Прав мальчик. Такие ситуации часто возникали в артистических семьях. Мне лично было легче, – я не был обременен семьей и получал за концерт не одну ставку, как артист за номер, а три. Мне было дано право на сольный концерт в двух отделениях, для чего я прошел просмотр Художественного совета Министерства культуры РСФСР. Но само строительство такого концерта было делом нелегким, на него ушли годы, и угодить нравам и вкусам членам художественного совета мне удалось путем создания программы ясного гражданского звучания, в общем тоне которой даже острые сатирические произведения выражали заботу об улучшении жизни людей. Мне разрешалось ввести в свою программу один любой номер: разговорный, музыкальный или акробатический, но по времени не более 15–20 минут, при общей продолжительности концерта не менее 1 час 45 минут. Я работал внештатно, но довольно часто ездил на гастроли. Иногда брал знакомых и хороших артистов, особенно в южные концерты, и приносил столь высокую прибыль, что меня приглашали в Сочи, Ялту, Кисловодск, Севастополь, Геленджик, Туапсе и Лазаревское по нескольку раз в год. Неоднократно со мной ездила обаятельная актриса Люда Кравчук, лауреат премии Всероссийского конкурса артистов эстрады. Она была неплохой разговорницей, исполняла мой «Монолог Моны Лизы», отмеченный на литературном конкурсе в Югославии, а в моем сольном концерте пела бардовские песни и романсы, пела задушевно, мягко и иронично, аккомпанируя себе на гитаре. Она не раз жаловалась мне на свою нелегкую концертную жизнь, на то, что приходится с гитарой в большом футляре мотаться по метро и переполненным автобусам, выстаивать очереди, чтобы купить дочери сосиски и бананы, и усталость от такой жизни накапливается, разрушая здоровье.
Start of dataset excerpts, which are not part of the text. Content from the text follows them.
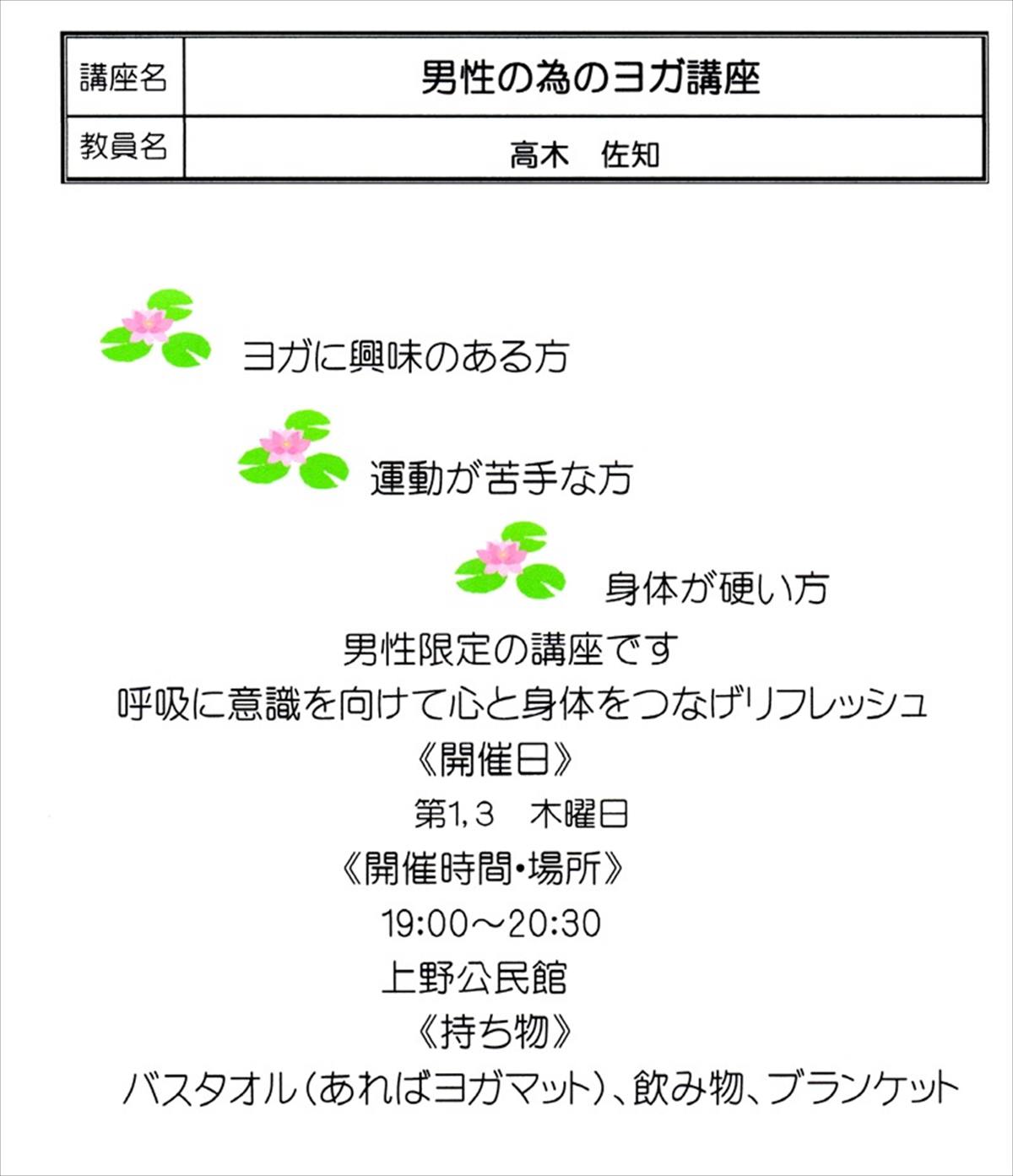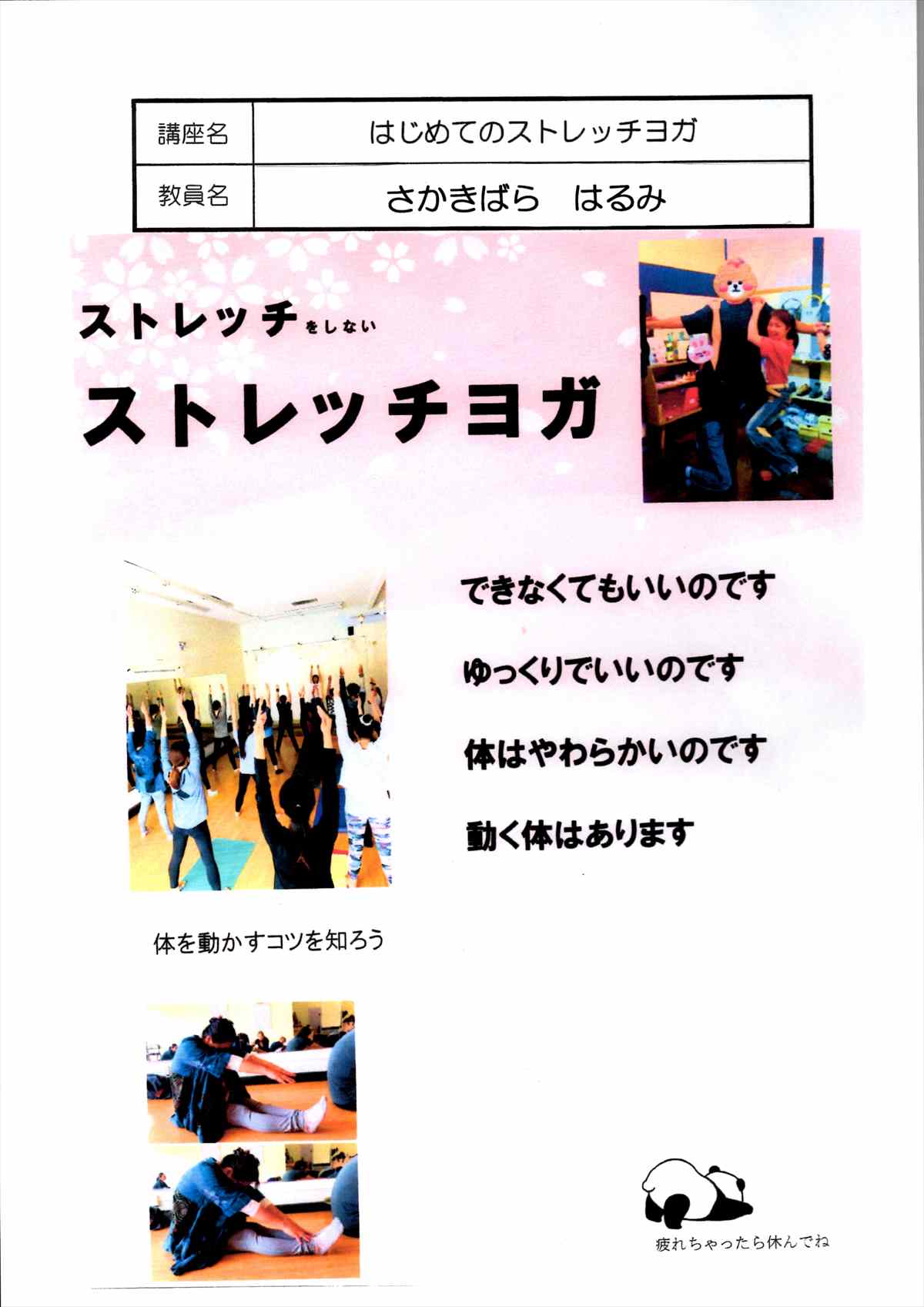 | 84 | はじめてのストレッチヨガ | さかきばらはるみ | 4/15・5/20・6/17・7/15・8/19 | 水 | 10:00~11:30 | 上公 | 5 | ABC | ¥0 | 20 |
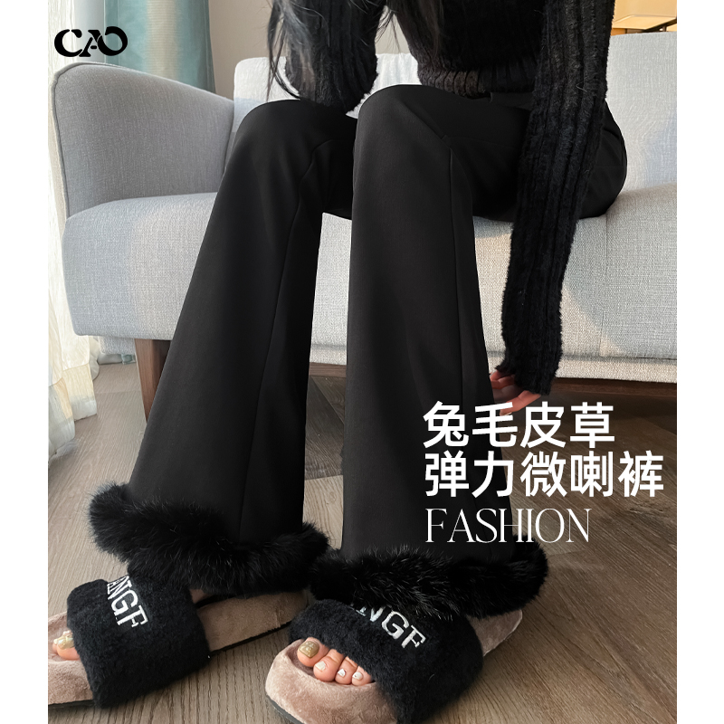 胖mm大码女装开叉微喇西装裤女秋冬黑色兔毛加绒休闲窄版喇叭裤女
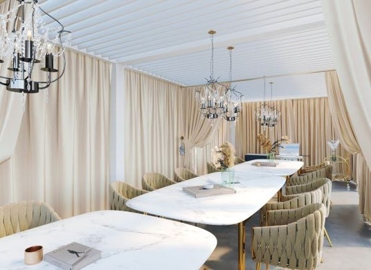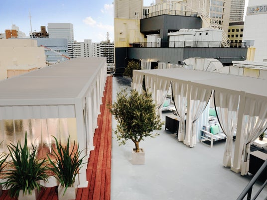 施設内には10名席と18名席の2つの席を配置し、海外から輸入したラグジュアリーな家具と日よけ・雨よけ完備のパーゴラを使用し、リゾート感&非日常空間を演出。

Она не скрывала от меня, что пытается уехать из страны. Я отговаривал ее и приводил как аргументы удачные и недоступные для многих артистов заветные курортные площадки, съемки на телевидении, а она уже несколько раз показывалась на экране, что при ее способностях рано или поздно неминуемо привело бы к популярности, но она твердо стояла на своем: «Я хочу для своей дочери другую, более обеспеченную жизнь». Она уехала, фиктивно выйдя замуж за иностранца, но я ее не осуждаю, мы отлично работали, никогда не ссорились и добрая память о концертах с Людмилой Кравчук навсегда сохранится в моем сердце. Вскоре после ее отъезда, не помню уже по какому вопросу, позвонила мне Люба, и я тут же предложил ей поездку в Новосибирск.
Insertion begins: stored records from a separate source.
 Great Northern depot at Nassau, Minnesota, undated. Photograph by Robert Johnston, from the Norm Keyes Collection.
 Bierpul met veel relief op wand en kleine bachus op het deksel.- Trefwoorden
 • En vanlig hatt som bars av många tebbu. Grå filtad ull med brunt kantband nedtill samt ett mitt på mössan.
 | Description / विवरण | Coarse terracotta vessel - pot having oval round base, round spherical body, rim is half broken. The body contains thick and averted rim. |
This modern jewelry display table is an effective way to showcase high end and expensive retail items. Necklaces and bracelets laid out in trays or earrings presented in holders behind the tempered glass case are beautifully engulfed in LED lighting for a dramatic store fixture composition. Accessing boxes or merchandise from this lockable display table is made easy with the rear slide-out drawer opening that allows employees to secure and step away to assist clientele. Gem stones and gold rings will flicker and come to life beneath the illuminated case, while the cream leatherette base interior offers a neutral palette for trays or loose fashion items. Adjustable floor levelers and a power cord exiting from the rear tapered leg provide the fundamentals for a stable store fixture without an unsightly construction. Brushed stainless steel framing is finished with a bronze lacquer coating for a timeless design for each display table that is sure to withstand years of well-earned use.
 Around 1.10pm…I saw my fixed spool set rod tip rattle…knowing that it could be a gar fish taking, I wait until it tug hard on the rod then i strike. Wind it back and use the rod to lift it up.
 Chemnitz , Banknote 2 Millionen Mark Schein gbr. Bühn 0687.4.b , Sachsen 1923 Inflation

– На сколько концертов? – поинтересовалась она.
– Двадцать концертов за пять дней.
– Годится! Едем! – без раздумий и с радостью согласилась она.
Я договорился с филармонией, чтобы деньги ей заплатили на месте и не только ставку, но и четвертушку за ведение концерта, которая полагалась мне. Я позвонил Любе домой, трубку взял Алексей, тогда ему было лет пять-шесть, но говорил он серьезно, и мы обусловили с ним, когда я на машине заеду за мамой. Жила она где-то на пути к Домодедовскому аэровокзалу, откуда отлетал самолет в Новосибирск. Репертуар Любы я знал и нашел для нее удобное место в концерте, за 2–3 номера, до конца первого отделения. Концерты предстояли ответственные. По два в день в Концертном зале Новосибирского театра оперы и балета (площадка на 900 мест). Два – в концертном зале Академгородка, остальные – в вузах и научно-исследовательских институтах.
Перед выездом такси я еще раз набрал номер Любы.
– Все в порядке. Едем. Только учти – я после запоя. Но через день приду в себя. Не волнуйся. До встречи.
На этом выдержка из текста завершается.